- Opening Delimiter -
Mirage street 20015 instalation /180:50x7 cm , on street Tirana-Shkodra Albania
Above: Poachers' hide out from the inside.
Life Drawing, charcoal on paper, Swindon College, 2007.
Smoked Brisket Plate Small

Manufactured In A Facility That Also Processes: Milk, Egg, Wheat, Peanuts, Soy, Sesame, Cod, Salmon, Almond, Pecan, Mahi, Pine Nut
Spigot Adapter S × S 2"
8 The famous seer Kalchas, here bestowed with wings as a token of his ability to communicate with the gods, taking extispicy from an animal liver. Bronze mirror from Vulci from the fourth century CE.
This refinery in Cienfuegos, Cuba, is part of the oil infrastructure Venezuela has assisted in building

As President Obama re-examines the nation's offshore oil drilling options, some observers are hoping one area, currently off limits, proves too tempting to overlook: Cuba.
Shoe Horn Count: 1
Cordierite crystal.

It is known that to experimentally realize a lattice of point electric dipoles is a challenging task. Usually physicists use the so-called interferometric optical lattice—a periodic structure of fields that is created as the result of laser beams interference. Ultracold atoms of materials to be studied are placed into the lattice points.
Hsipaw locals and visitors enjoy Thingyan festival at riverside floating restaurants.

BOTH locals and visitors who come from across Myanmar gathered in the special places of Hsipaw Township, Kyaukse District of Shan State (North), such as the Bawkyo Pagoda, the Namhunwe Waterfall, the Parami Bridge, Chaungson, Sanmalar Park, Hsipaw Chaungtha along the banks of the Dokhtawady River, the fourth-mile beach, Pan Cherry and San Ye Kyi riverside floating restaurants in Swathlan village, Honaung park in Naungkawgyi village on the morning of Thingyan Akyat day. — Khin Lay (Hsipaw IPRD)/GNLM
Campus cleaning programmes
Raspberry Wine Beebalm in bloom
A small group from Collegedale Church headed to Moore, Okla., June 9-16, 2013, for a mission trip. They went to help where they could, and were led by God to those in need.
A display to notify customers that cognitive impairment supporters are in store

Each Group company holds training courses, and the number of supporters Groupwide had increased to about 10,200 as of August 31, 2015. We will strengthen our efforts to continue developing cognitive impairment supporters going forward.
- Closing Delimiter -
- Opening Delimiter -
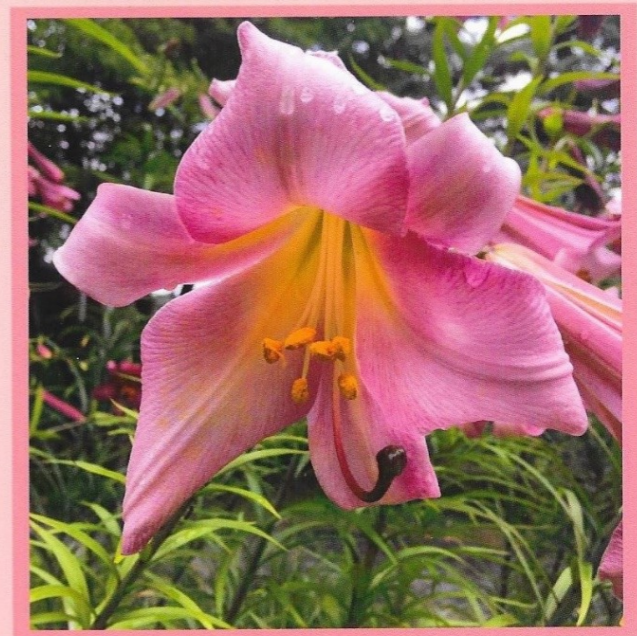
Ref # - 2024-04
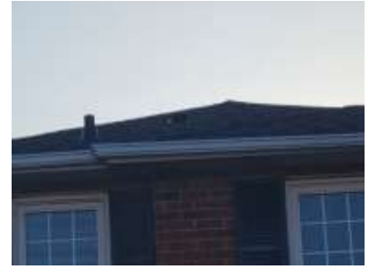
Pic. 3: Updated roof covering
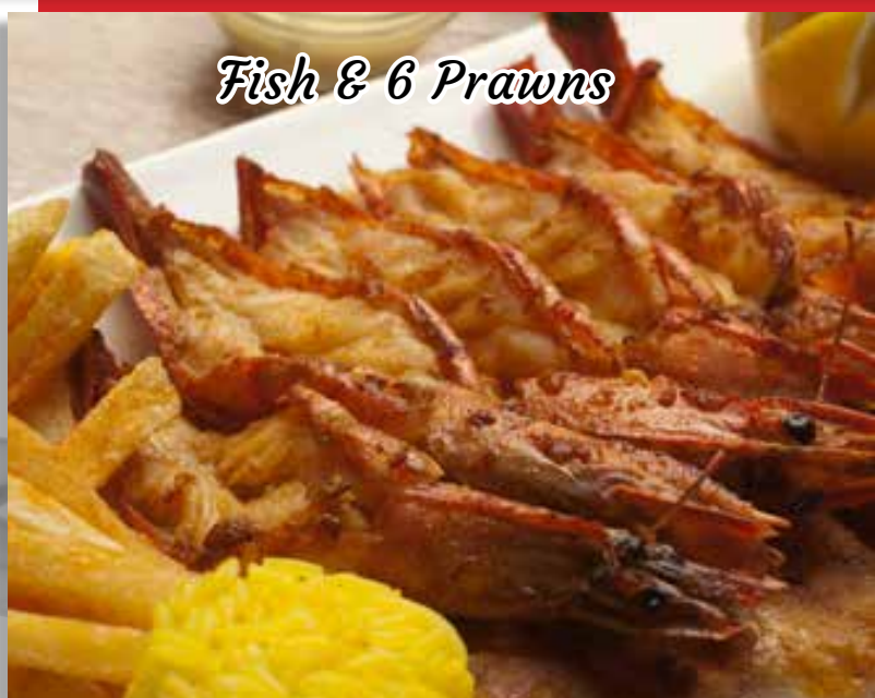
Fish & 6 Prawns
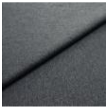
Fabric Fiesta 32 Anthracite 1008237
- Closing Delimiter -
→ THE PROBLEM: Out of the material above, output word for word the line with "Campus cleaning programmes", the line with "A display to", and all lines between them, with nothing else.

→ ANSWER TO THIS PROBLEM:
Campus cleaning programmes
Raspberry Wine Beebalm in bloom
A small group from Collegedale Church headed to Moore, Okla., June 9-16, 2013, for a mission trip. They went to help where they could, and were led by God to those in need.
A display to notify customers that cognitive impairment supporters are in store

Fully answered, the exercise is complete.